O estudo faz uma reflexão da relação dos associados da Cooperativa Associação de Aquicultores da Vila de Lauro Sodré (Aquavila) com o extrativismo e outras formas de manejo dos recursos pesqueiros à luz dos conceitos da Ecologia Humana e da Ecologia Política. “Percebo a ecologia não apenas com os parâmetros biofísico-químicos do ambiente. A pesquisa deve considerar as pessoas que moram e estão inseridas no contexto estudado. Afinal, a política e a organização social, além dos aspectos ambientais, interferem também na manutenção dos ecossistemas”, avalia Rafael Diaz.

Para a concretização dessa pesquisa, Rafael fez observação direta, colhendo os dados no local. Foram quatro viagens, com estada de uma semana no local. Foram aplicados questionários e realizadas entrevistas com membros da cooperativa. O pesquisador teve a oportunidade de acompanhar o processo completo: do cultivo, passando pela coleta e extração, até a venda dos mariscos. Assim, pôde analisar a logística e as formas de comercialização do produto.

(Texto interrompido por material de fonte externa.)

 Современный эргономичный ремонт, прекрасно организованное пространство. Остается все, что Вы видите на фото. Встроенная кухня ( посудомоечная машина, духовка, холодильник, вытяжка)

O autor observou duas famílias cujos membros constituem a maior parte dos associados – as famílias Pinheiro e Galvão. “O trabalho de campo possibilitou conhecer melhor essas famílias e seu cotidiano, objetivando entender suas estratégias de manejo dos recursos comuns, sua relação com os mercados e a forma de comercialização dos produtos”, destaca.

São duas as formas de obtenção de ostras, em Lauro Sodré: uma pelo extrativismo e outra pelo cultivo, ambas são formas de manejo. Porém, por vários motivos, incluindo o rápido retorno financeiro e a disponibilidade ainda abundante do recurso, na Vila, a maioria das pessoas opta pelo extrativismo.

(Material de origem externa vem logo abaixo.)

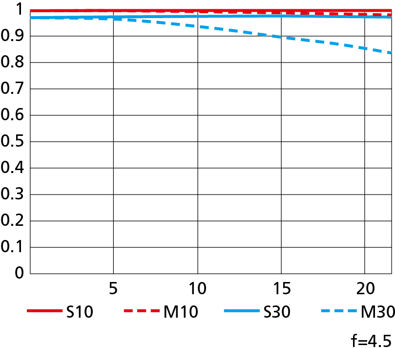 Even if you turn off Vignette Correction there isn't any significant falloff except maybe a little wide-open at f/4.5. Remember, these gray-on-gray shots exaggerate this: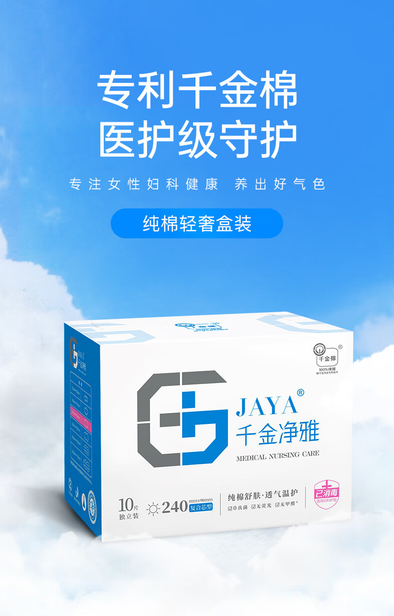 千金净雅医护级纯棉卫生巾盒装超薄日夜用240mm*10片/盒*1盒(单位:盒) 白色

Aquicultores temem a exploração desordenada 

Os associados revelam diferentes formas de manejo e o cultivo vem se tornando uma estratégia eficaz para frear a diminuição dos recursos naturais na localidade. De acordo com a dissertação, “os aquicultores entendem o extrativismo como de suma importância para os moradores da vila de Lauro Sodré e acreditam que, quando a atividade extrativista decair, em razão da exploração desordenada, quem vive dessa prática terá que buscar a solução na aquicultura”.

Diante das diferenças na logística de venda e no manejo das ostras, o pesquisador diz que existe uma racionalidade ambiental entre os associados, cuja atividade possui um conjunto de regras, que apresenta aspectos sustentáveis.

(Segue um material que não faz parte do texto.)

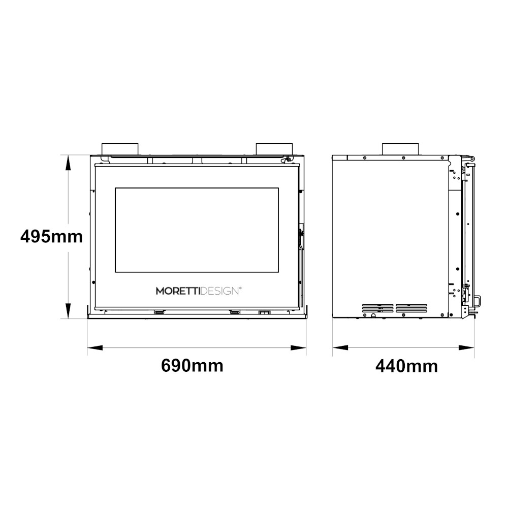 L’inserto a legna Slot Wood Flat 49 Nero della Moretti Design è facile da installare e utilizzare, grazie a un design studiato per adattarsi facilmente a diversi tipi di camini. Ha due ventilatori per la produzione di aria calda per velocizzare il riscaldamento e, la possibilità di dirigere l’ aria calda in alto o frontalmente grazie ad una struttura meccanica. La qualità dei materiali e la cura dei dettagli assicurano durabilità e affidabilità nel lungo periodo. È realizzato con una struttura in acciaio, mentre l’interno della camera di combustione è in Firewall, un rivestimento di vermiculite, materiale isolante, e mattoni refrattari.
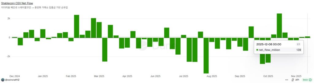 3) Stablecoin CEX Net Flow (거래소 순유입)

Mas esses dados são capazes de mensurar realmente a sustentabilidade desse manejo? Rafael Diaz responde que, considerando o tempo em que se trabalha a maricultura em Lauro Sodré (apenas seis anos), é importante ter cautela ao usar a palavra sustentabilidade. “Observa-se o esforço dos associados para difundir o cultivo e a dedicação na busca por novos pontos. Isso nos faz acreditar em um próspero futuro para esta associação, cujo objetivo é diminuir o extrativismo”, afirma.

Quando a associação foi fundada em 2006, a Aquavila contava com 42 associados, que foram desistindo ao encontrarem obstáculos. Atualmente, a Aquavila apresenta apenas 13 associados (sete homens e seis mulheres), com faixa etária entre 20 e 60 anos. “A falta de incentivos por parte do Estado e a atividade extrativista, ainda muito presente na vila de Lauro Sodré, são vistas como principais fatores para o afastamento dos associados”, acrescenta Rafael Diaz.

A ostra adulta é o principal produto de venda da Aquavila. Os compradores mais assíduos são de Terra Alta, Castanhal, Outeiro e Mosqueiro. Apenas um associado vende para localidades mais distantes, como Marabá e Imperatriz (MA). Há também a venda de ostras na própria vila de Lauro Sodré.